The mobile lending space in Kenya has grown significantly. Every other month or week, a new mobile loan app finds its way into the market, and these apps have a healthy stream of customers because they offer a service that is traditionally very difficult to access, owing to the rigidity of banking institutions that require a ton of paperwork, and the difficulty of accessing saccos that have their set of stringent rules.
These cases have done a good job laying the foundation for lending firms, which use digital services (hence their ‘fintech’ branding) to offer loans to customers. We all know the outcome of this development: while some people have leveraged these services to grow themselves, others have found themselves indebted to these firms in scenarios they could have avoided.
Admittedly, and as we have discussed before, the mobile lending space is chaotic. Arguably all participating apps are not bound to finance or data protection regulations, a setback that has allowed them to expand their trade while harming the people they are supposed to help.

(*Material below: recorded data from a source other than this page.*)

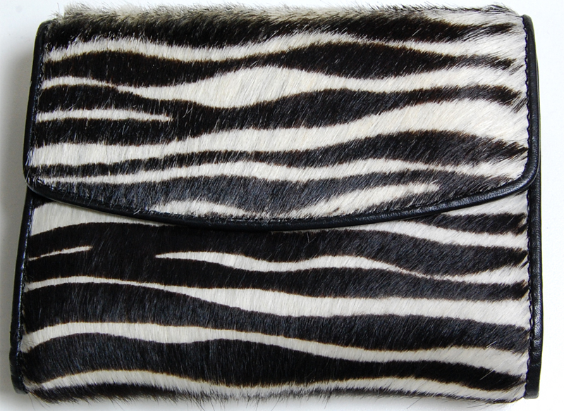 ゼブラ柄ハラコ小銭入れ付き二つ折り財布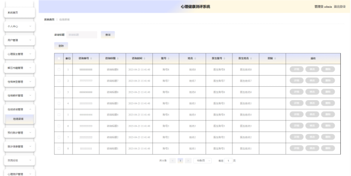在线咨询管理:用户可以发起在线咨询,管理员和心理医生可以回复咨询。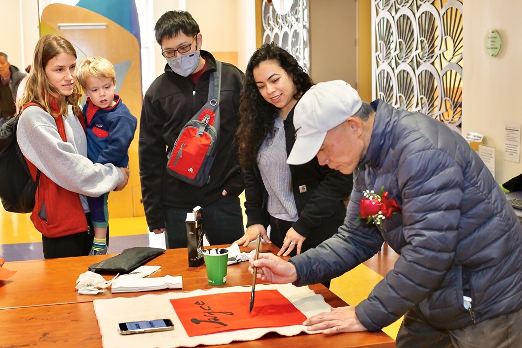 谢世明在活动中为美国群众即兴设计英文字体。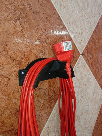 Este soporte para cables está diseñado para proporcionar una solución de almacenamiento organizada y segura para su cable de extensión. Ayuda a mantener el área ordenada y minimiza el riesgo de cables enredados o peligros de tropiezos. El soporte para cables está diseñado específicamente con un casquillo incorporado que se adapta a un enchufe tipo Shuko, lo que garantiza que el cable de extensión cuelgue de forma estable y sea fácil de agarrar cuando sea necesario. Es un práctico soporte para cables que contribuye a un entorno más estructurado, donde sus cables están cuidadosamente almacenados y protegidos.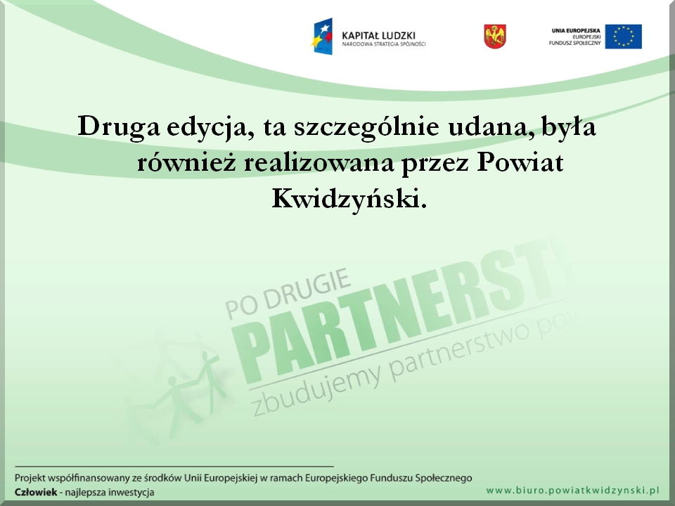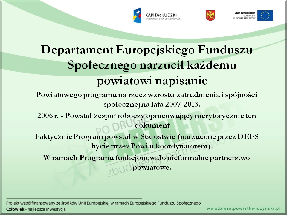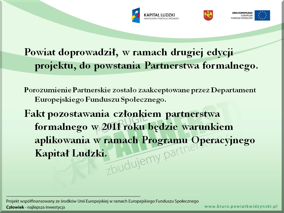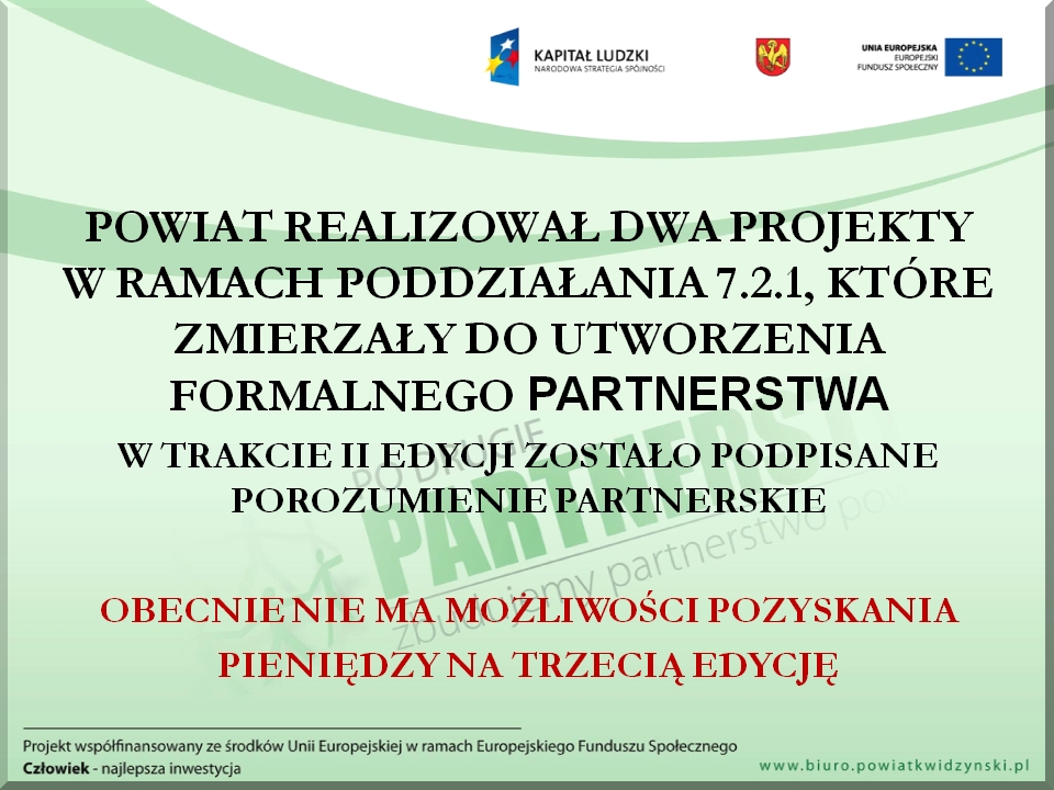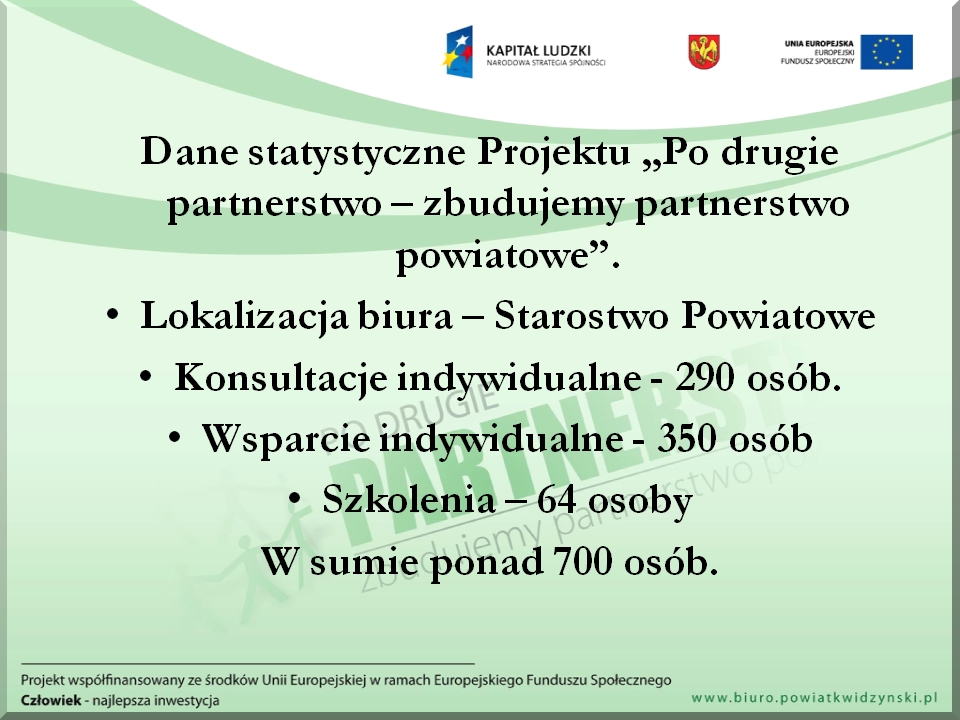 Informacja o projekcie ?Po drugie partnerstwo ? zbudujemy partnerstwo powiatowe? realizowanego w ramach Działania 7.2 Przeciwdziałanie wykluczeniu i wzmocnienie sektora ekonomii społecznej, Poddziałania 7.2.1 Aktywizacja zawodowa i społeczna osób zagrożonych wykluczeniem społecznym.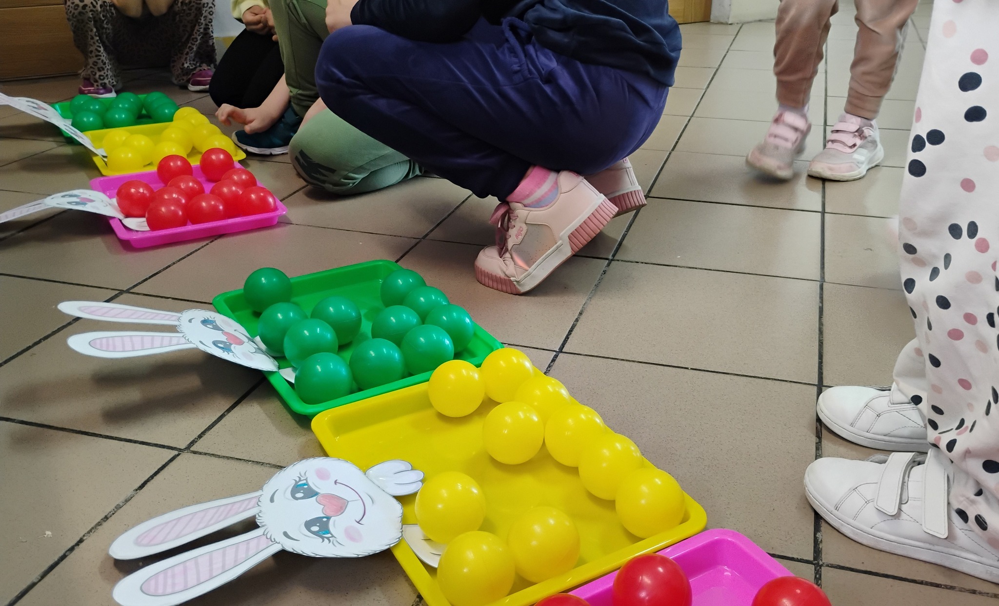 Uczestnicy brali udział w różnorodnych zabawach i konkurencjach, takich jak tor przeszkód, rzuty do celu, zabawy z króliczymi uszami czy kolorowe wyścigi z jajkami. Każda z aktywności sprzyjała integracji oraz rozwijaniu sprawności ruchowej.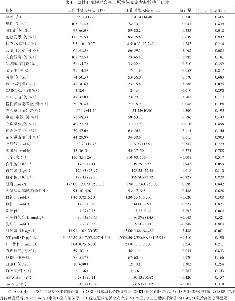 2. 研究方法:(1)研究对象根据入院时间分为工作时段和非工作时段两组。工作时段定义为工作日的工作时段(8点至20点);非工作时段定义为周末、节假日全天以及工作日20点至次晨8点。患者接受急诊冠状动脉造影、介入治疗的适应症、禁忌症由当日值班术者或三级医师评估,并结合患者及家属意愿综合决定。(2)临床资料的收集:收集患者临床特征、既往史、出院诊断及CS明确诊断后的生命体征、血常规、血生化、凝血、血气分析、心肌标志物等(上述指标均以CS诊断明确后第一个24小时内最差值计),同时计算急性生理及慢性健康评价Ⅱ(Acute Physiology And Chronic Health Evaluation II,APACHE II)、简化急性生理学评分Ⅱ(Simplified Acute Physiology Score II,SAPS II),并采集患者冠状动脉造影特征、介入处理方式、循环支持等,并通过病例资料记载或对患者或家属进行电话随访,了解患者28天的全因死亡情况。

After all, aren’t these businesses out here to make a profit? – and what is the quickest way to rake appreciable returns besides sharking loans to unsuspecting customers, and subject them to astronomical interest rates and while at it, ignore a bunch of financial regulations?
These are issues that have been raised by customers and industry insiders and regulators. The Central Bank of Kenya (CBK), for instance, has been under the spotlight for failing to recognize this problem in time. In its defense, the CBK’s legal mandate to regulate mobile loan apps is trivial at best, and the growth of these services has surpassed the speed at which regulations are designed to manage a fairly infant market.
However, all is not bleak because towards the end of 2018, the institution started lobbying for tougher policing of digital lenders based on the National Payment Systems Act. At that time, the CBK revealed that up to more 6.5 million Kenyans were using online loan apps, and used those funds to feed their addiction to another ‘vice’ – betting.
In the spirit of regulating the market, twelve lending apps have since joined what is called the Digital Lenders Association of Kenya (DLAK). The institution, whose members include the likes of Tala and Alternative Circle’s Shika app (other popular companies such as Branch and Okash are suspiciously missing) has been busy in the last couple of days, following an announcement by the CBK that it was doubling down on online lenders to adhere to some housekeeping rules.
To begin with, DLAK proposes that people who have more than loan app in their smart devices should not access loans. This suggestion is outrageous as it sounds, will likely be shot down because it will put small players out of business.
Kenyans with more than one mobile lending App would unlikely access loans from multiple lenders if a proposal by Digital Lenders Association of Kenya (DLAK) sails through. pic.twitter.com/w9fmRA7AQJ
— Metropol TV Kenya (@MetropolTVKE) June 28, 2019
Secondly, and this has already been signed, is a code of conduct that will limit initial loans to KES 4000 for customers who have no borrowing history. These groups include people who have probably never accessed online loans before – although we are skeptical, they can get access to that amount considering limits are based on transactions and repayments histories.
DLAK is also proposing an in-app access of digital borrowing patterns to customers. The information is often used by lenders to determine loan limits.
There is a clause that promises to seal any data privacy abuses. The promise is entirely dependent on the progression or lack thereof of two data protection bills at the Senate and Parliament.
DLAK’s code of conduct is being examined and edited as of this writing. The organization says it will communicate its decision in two months’ time when we assume the proposal will be signed to catapult the space into a more organized ecosystem.